- Data for the task:

● ● ● ●

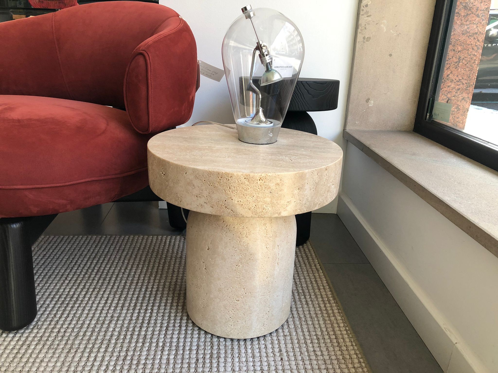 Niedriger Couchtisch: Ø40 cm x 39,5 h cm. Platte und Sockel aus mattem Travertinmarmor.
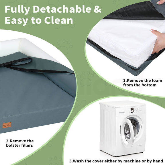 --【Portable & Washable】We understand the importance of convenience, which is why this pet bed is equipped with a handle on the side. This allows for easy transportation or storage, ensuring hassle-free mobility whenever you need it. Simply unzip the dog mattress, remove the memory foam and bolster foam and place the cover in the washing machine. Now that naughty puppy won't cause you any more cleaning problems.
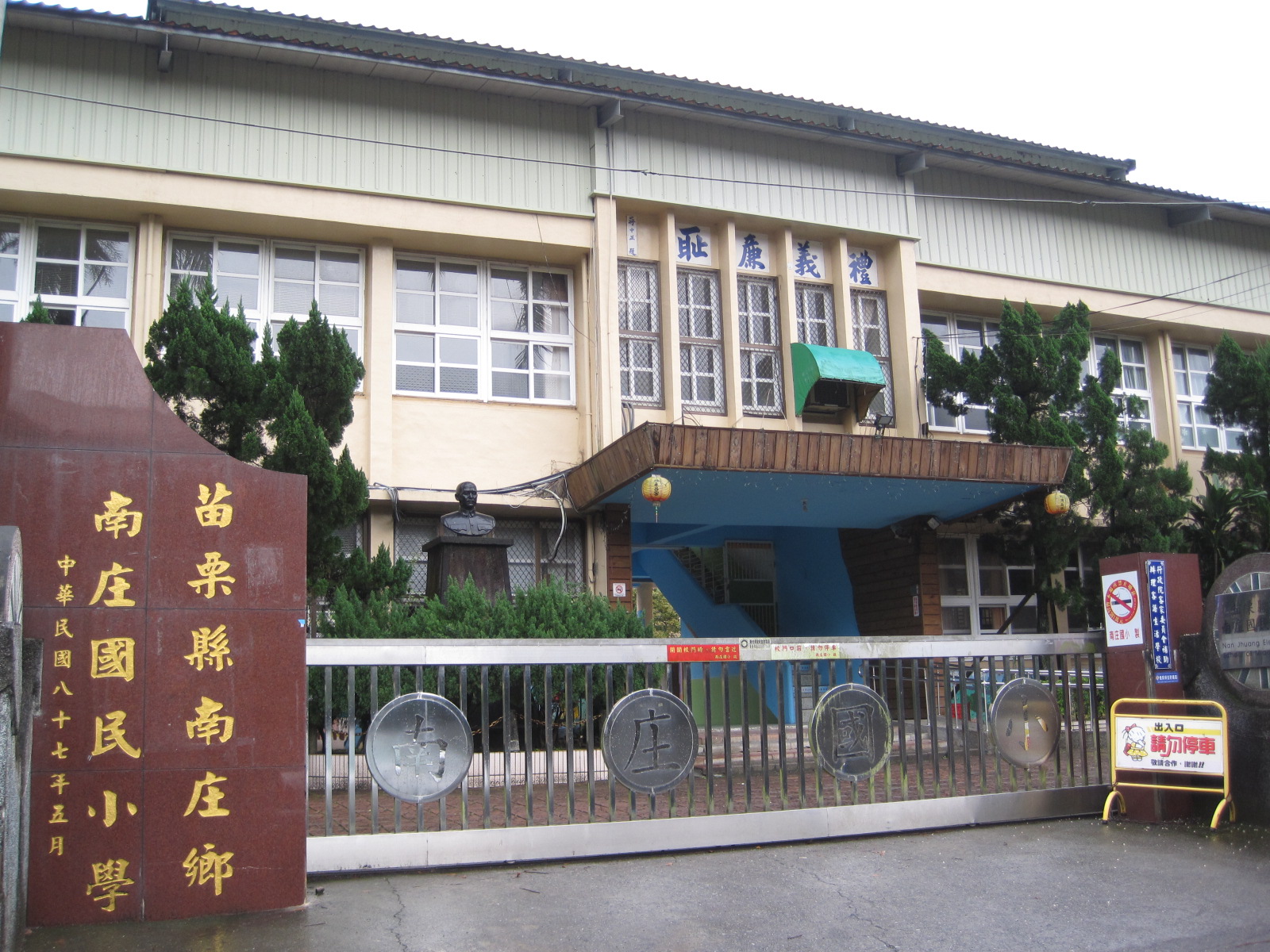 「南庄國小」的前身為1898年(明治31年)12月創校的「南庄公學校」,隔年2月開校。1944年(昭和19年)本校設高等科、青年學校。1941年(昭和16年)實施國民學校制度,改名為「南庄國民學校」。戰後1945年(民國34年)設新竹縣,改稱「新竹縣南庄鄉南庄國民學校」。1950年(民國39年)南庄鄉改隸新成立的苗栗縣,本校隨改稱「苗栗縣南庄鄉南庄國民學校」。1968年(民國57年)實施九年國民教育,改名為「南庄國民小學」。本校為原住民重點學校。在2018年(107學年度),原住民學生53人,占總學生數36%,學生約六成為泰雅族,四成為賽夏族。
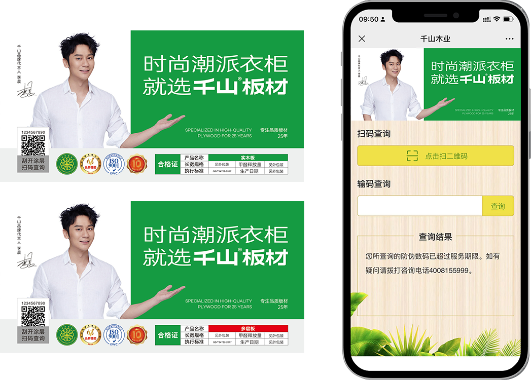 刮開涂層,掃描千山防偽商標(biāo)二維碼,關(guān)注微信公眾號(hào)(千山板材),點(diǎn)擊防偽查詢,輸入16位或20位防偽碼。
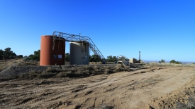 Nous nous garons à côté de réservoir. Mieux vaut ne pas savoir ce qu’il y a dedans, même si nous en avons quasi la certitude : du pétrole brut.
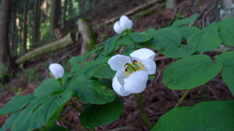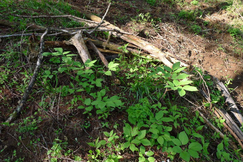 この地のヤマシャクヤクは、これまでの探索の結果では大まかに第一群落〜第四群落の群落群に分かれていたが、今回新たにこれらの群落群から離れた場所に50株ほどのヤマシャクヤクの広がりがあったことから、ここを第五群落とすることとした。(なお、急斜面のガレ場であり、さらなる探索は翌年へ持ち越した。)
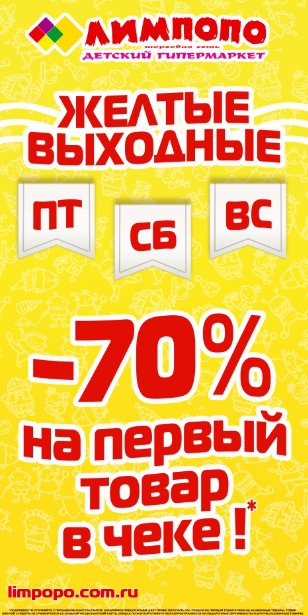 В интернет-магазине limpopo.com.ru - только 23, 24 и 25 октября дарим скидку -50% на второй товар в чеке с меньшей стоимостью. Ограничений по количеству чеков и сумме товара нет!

● ● ● ●

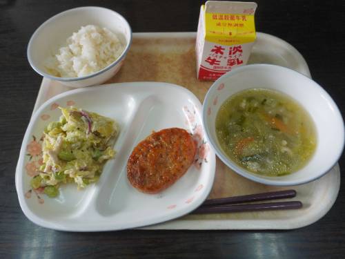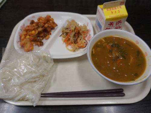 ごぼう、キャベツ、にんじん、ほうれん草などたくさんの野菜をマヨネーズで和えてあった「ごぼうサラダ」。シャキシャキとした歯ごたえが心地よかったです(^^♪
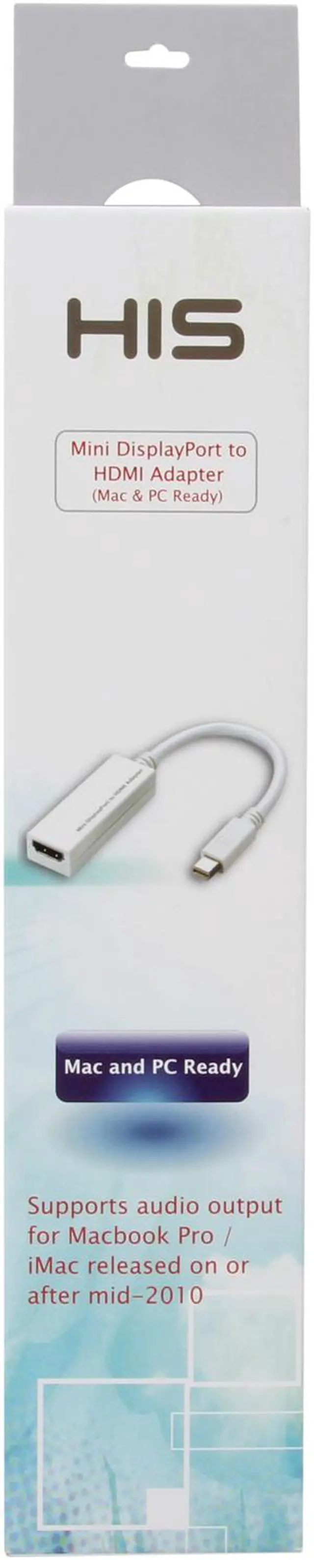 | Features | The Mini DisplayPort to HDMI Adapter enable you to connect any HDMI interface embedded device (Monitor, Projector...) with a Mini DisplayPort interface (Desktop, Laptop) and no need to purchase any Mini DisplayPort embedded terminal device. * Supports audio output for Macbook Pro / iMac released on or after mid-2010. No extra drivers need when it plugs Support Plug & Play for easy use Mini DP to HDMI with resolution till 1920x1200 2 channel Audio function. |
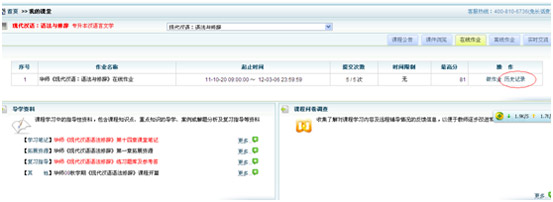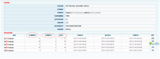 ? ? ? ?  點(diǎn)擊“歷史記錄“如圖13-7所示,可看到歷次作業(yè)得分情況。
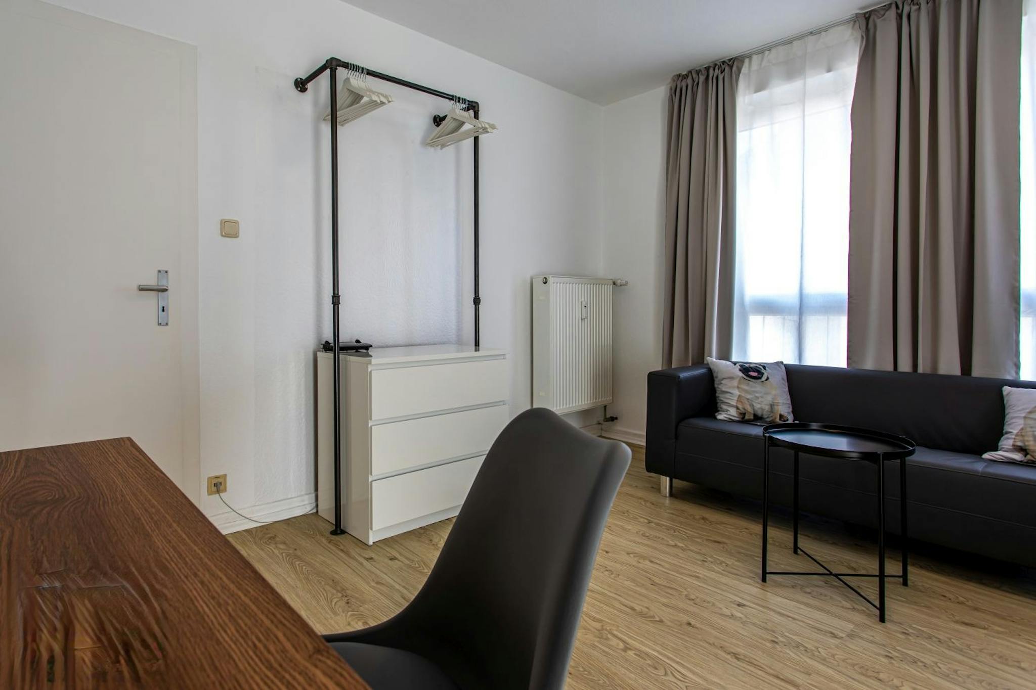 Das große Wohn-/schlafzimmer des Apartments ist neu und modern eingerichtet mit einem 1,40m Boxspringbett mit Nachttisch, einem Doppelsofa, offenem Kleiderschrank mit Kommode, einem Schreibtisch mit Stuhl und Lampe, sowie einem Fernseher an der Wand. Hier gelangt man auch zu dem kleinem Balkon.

● ● ● ●

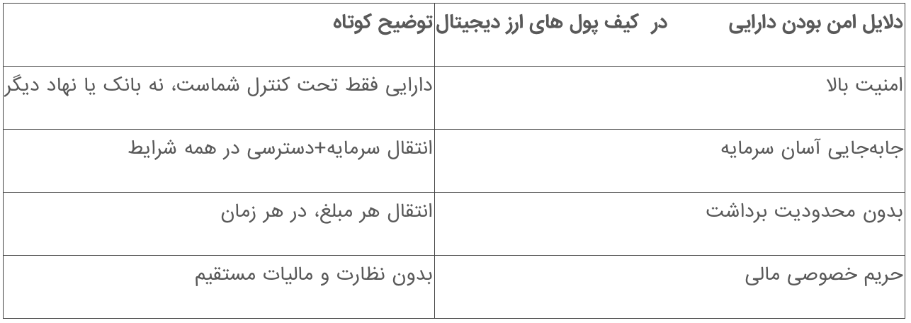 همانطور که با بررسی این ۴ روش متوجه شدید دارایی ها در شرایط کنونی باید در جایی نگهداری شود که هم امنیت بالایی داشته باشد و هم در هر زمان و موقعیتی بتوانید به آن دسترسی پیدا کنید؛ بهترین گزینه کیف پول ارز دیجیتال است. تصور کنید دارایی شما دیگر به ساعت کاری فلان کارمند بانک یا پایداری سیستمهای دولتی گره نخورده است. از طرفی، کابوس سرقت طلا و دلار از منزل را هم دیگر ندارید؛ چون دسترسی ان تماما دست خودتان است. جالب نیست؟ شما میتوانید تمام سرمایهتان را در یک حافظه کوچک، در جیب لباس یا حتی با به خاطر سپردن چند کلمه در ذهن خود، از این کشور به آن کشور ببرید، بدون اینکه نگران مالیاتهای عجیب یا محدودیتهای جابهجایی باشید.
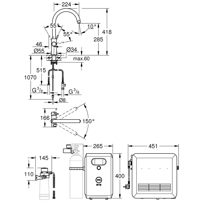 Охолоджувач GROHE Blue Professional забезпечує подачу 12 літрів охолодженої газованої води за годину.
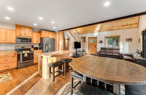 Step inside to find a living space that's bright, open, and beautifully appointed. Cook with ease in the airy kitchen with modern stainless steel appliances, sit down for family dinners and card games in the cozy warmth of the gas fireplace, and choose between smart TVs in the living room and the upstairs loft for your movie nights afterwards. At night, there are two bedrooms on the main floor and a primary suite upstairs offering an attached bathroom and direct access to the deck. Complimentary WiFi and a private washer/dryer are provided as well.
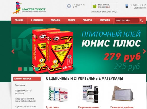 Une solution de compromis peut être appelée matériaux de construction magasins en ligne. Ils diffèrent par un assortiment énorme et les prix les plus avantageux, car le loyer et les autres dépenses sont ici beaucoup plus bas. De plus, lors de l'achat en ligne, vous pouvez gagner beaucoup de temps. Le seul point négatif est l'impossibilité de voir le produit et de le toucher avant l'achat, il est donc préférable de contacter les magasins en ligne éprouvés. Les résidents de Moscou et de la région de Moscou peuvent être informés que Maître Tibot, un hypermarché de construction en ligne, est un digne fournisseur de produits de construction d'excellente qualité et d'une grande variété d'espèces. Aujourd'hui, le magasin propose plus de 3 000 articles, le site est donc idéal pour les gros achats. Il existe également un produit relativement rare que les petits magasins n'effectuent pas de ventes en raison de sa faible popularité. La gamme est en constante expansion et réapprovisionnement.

● ● ● ●

Using the records above, repeat exactly the run of lines that starts with the line with "ごぼう、キャベツ、にんじん、" and goes on through the line with "Das große Wohn-/schlafzimmer"; omit each picture.

- Answer section:
 ごぼう、キャベツ、にんじん、ほうれん草などたくさんの野菜をマヨネーズで和えてあった「ごぼうサラダ」。シャキシャキとした歯ごたえが心地よかったです(^^♪
 | Features | The Mini DisplayPort to HDMI Adapter enable you to connect any HDMI interface embedded device (Monitor, Projector...) with a Mini DisplayPort interface (Desktop, Laptop) and no need to purchase any Mini DisplayPort embedded terminal device. * Supports audio output for Macbook Pro / iMac released on or after mid-2010. No extra drivers need when it plugs Support Plug & Play for easy use Mini DP to HDMI with resolution till 1920x1200 2 channel Audio function. |
 ? ? ? ?  點(diǎn)擊“歷史記錄“如圖13-7所示,可看到歷次作業(yè)得分情況。
 Das große Wohn-/schlafzimmer des Apartments ist neu und modern eingerichtet mit einem 1,40m Boxspringbett mit Nachttisch, einem Doppelsofa, offenem Kleiderschrank mit Kommode, einem Schreibtisch mit Stuhl und Lampe, sowie einem Fernseher an der Wand. Hier gelangt man auch zu dem kleinem Balkon.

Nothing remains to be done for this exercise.